▸ AIM OF THE EXERCISE:
Below are records with pictures in them. Transcribe everything from the line containing "3 Collectible Watches: Swatch, Donald" down to the line containing "[↑前グラフ]: | 2.5インチHDD主要製品(最安値2万円~3万円未満)の最安値推移 |", exactly, and leave the pictures behind.

══ PROVIDED ENTRIES ══

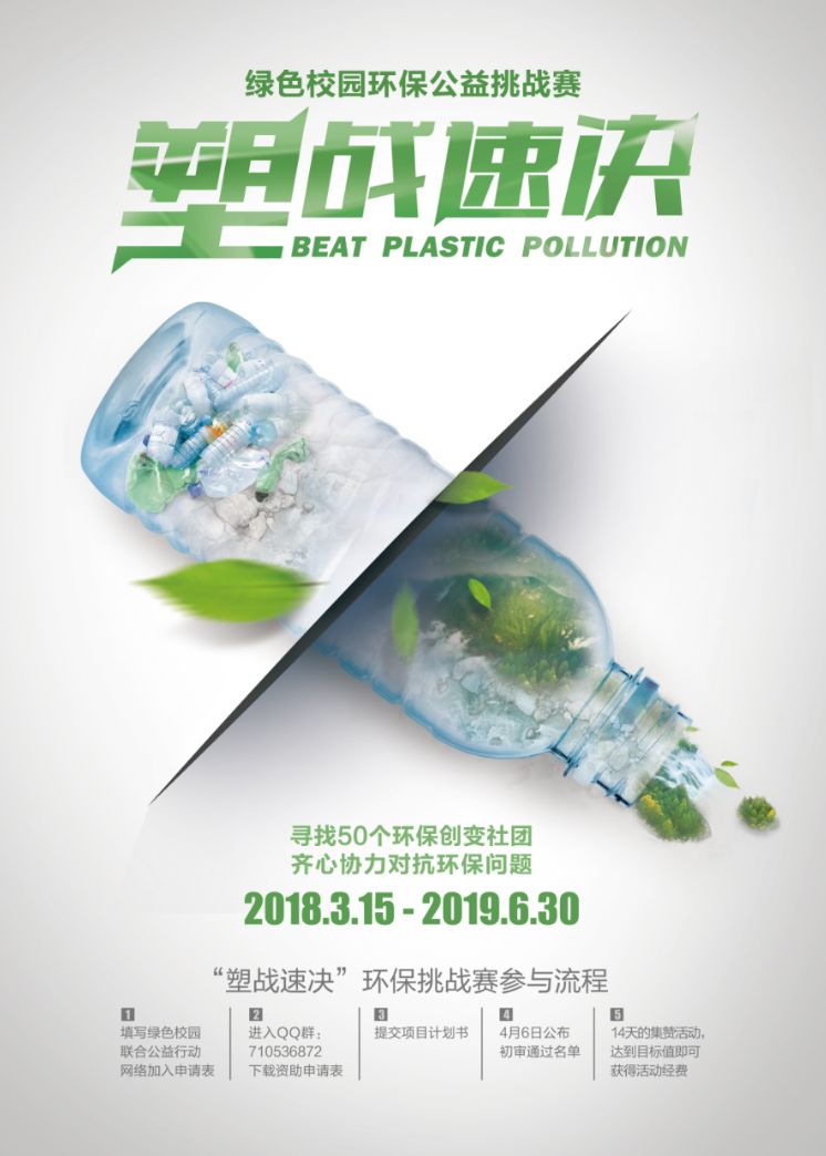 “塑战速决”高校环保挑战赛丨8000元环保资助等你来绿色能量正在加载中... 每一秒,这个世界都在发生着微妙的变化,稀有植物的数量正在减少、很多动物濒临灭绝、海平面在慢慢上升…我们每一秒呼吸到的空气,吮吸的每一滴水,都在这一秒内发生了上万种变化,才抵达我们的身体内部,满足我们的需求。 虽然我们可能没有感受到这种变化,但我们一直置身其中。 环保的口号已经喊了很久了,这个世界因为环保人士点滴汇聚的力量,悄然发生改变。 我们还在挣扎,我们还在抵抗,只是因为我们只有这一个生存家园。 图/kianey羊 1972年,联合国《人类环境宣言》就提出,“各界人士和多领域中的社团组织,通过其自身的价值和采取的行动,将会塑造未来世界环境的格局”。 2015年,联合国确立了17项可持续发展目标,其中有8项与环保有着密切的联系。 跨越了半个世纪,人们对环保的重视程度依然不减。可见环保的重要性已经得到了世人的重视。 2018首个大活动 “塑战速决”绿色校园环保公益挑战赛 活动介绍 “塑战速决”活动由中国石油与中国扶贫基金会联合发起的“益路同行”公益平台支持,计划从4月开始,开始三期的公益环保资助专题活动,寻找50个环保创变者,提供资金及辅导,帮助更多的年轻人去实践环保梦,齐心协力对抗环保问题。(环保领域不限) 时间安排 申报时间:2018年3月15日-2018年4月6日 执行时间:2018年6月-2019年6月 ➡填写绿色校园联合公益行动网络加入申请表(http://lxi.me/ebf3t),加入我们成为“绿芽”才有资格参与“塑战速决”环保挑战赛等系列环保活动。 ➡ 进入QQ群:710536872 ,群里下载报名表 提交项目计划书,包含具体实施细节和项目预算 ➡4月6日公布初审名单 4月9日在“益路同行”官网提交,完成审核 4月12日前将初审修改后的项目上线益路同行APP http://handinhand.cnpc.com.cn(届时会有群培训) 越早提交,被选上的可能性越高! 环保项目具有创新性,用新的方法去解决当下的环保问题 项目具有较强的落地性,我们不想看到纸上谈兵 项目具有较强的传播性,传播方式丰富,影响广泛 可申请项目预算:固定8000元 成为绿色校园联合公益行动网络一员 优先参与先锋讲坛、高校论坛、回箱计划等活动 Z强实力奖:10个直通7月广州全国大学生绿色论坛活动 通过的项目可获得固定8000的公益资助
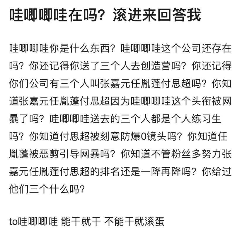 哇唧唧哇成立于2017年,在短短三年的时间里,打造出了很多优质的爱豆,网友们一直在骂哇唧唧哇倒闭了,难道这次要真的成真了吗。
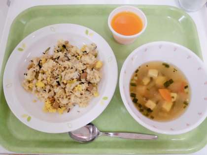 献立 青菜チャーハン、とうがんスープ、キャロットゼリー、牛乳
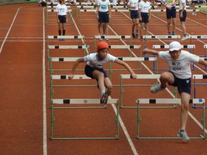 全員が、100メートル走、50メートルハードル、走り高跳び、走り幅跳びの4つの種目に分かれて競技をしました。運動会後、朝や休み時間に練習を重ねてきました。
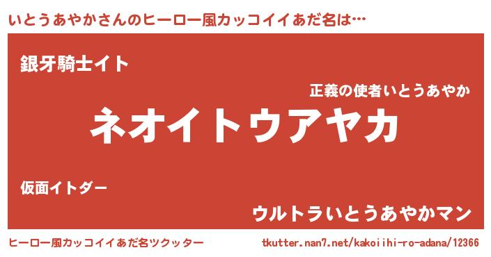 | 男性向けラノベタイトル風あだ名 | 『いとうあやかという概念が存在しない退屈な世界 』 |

═══
══ PROVIDED ENTRIES ══

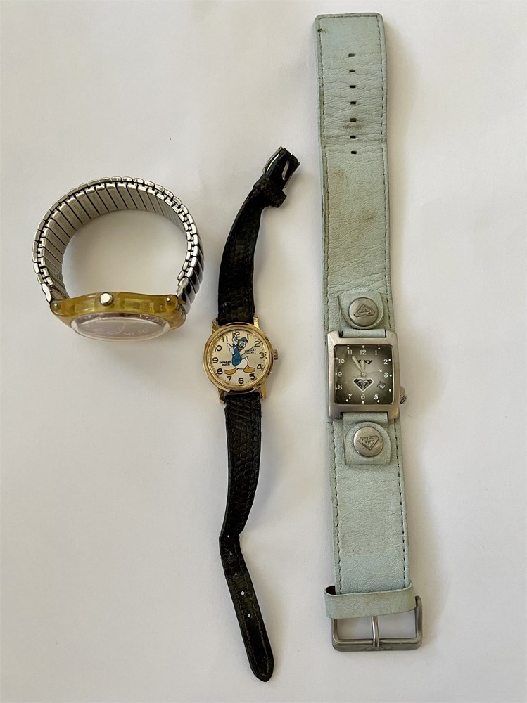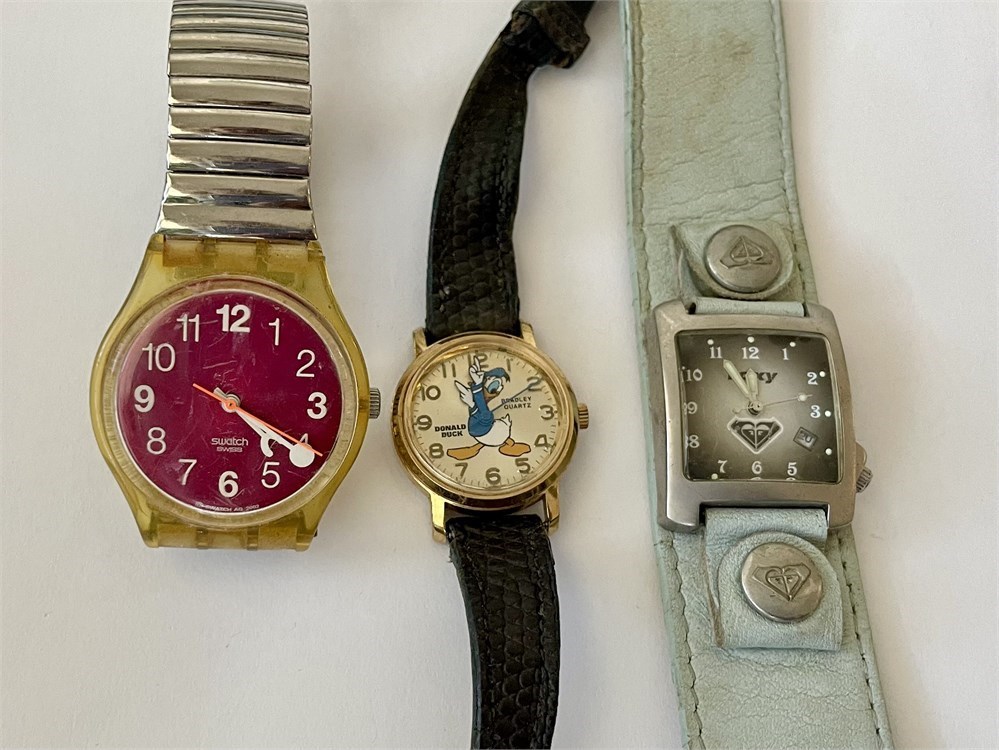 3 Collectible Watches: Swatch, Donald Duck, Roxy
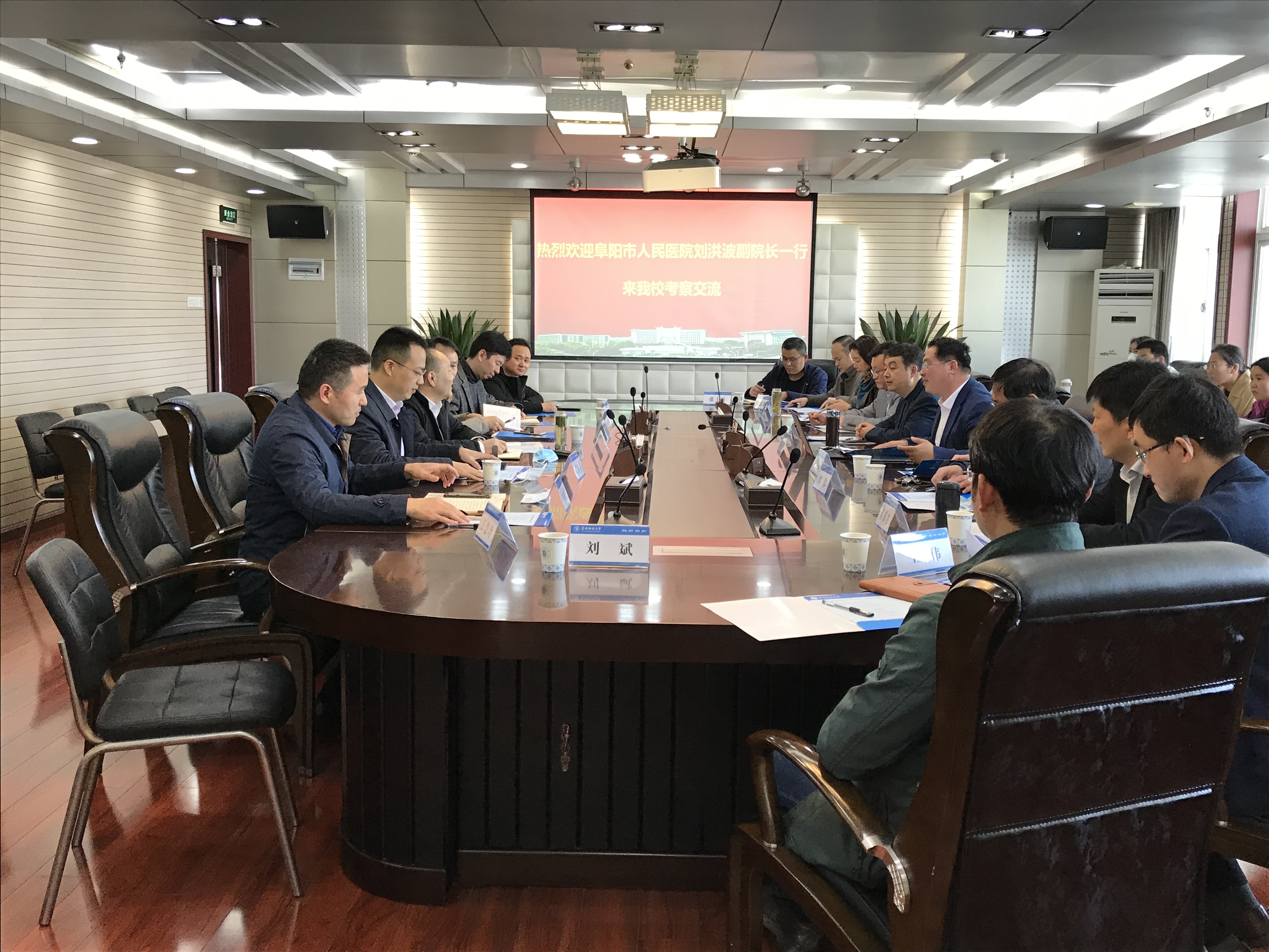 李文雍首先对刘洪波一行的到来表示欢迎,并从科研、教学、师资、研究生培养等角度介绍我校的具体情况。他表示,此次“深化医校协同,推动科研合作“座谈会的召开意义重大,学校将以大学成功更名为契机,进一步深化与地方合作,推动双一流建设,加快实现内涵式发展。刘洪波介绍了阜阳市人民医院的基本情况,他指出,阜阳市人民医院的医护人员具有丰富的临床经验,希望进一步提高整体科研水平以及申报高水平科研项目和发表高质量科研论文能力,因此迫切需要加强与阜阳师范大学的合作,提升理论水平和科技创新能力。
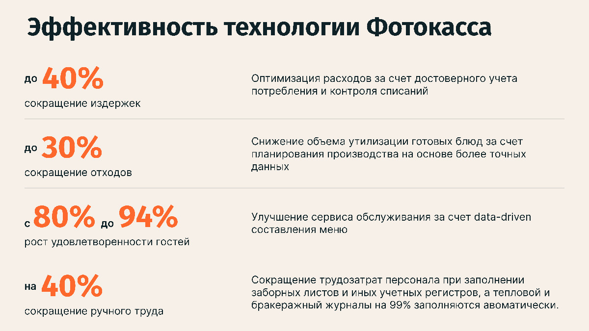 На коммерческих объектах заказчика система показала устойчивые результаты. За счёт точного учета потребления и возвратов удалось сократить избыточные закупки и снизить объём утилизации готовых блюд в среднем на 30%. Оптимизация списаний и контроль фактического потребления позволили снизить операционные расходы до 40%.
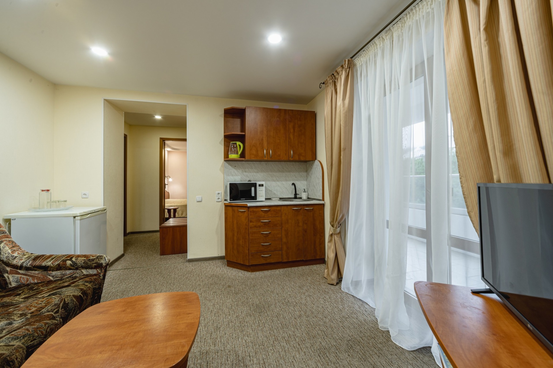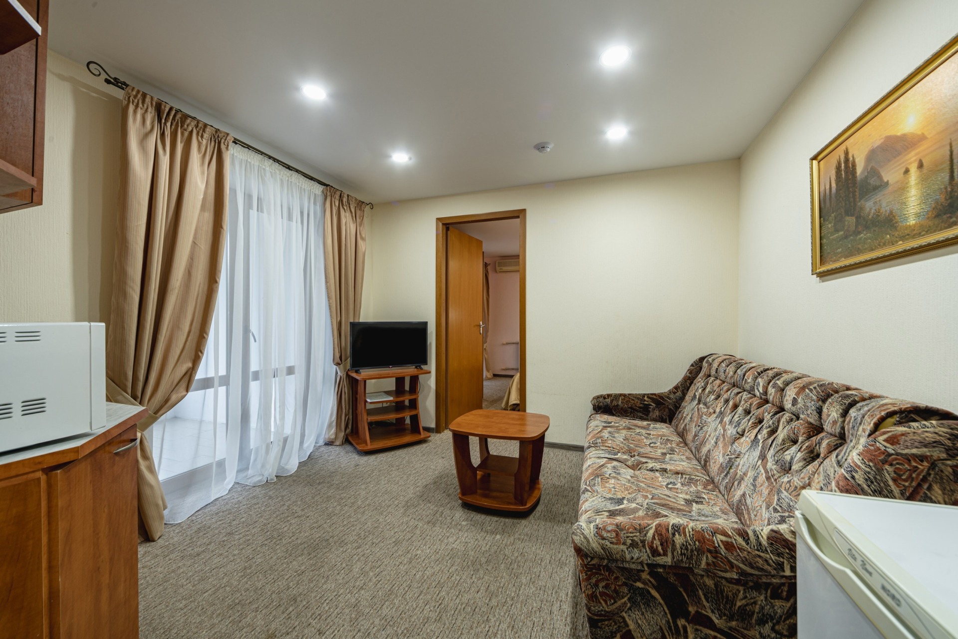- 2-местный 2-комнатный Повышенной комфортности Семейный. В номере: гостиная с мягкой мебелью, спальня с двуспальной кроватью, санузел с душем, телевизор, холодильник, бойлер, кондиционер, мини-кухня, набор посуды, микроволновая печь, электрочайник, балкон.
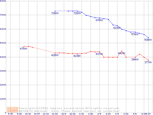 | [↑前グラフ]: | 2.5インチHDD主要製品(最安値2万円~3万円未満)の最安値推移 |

═══

▸ RESPONSE:
 3 Collectible Watches: Swatch, Donald Duck, Roxy
 李文雍首先对刘洪波一行的到来表示欢迎,并从科研、教学、师资、研究生培养等角度介绍我校的具体情况。他表示,此次“深化医校协同,推动科研合作“座谈会的召开意义重大,学校将以大学成功更名为契机,进一步深化与地方合作,推动双一流建设,加快实现内涵式发展。刘洪波介绍了阜阳市人民医院的基本情况,他指出,阜阳市人民医院的医护人员具有丰富的临床经验,希望进一步提高整体科研水平以及申报高水平科研项目和发表高质量科研论文能力,因此迫切需要加强与阜阳师范大学的合作,提升理论水平和科技创新能力。
 На коммерческих объектах заказчика система показала устойчивые результаты. За счёт точного учета потребления и возвратов удалось сократить избыточные закупки и снизить объём утилизации готовых блюд в среднем на 30%. Оптимизация списаний и контроль фактического потребления позволили снизить операционные расходы до 40%.
- 2-местный 2-комнатный Повышенной комфортности Семейный. В номере: гостиная с мягкой мебелью, спальня с двуспальной кроватью, санузел с душем, телевизор, холодильник, бойлер, кондиционер, мини-кухня, набор посуды, микроволновая печь, электрочайник, балкон.
 | [↑前グラフ]: | 2.5インチHDD主要製品(最安値2万円~3万円未満)の最安値推移 |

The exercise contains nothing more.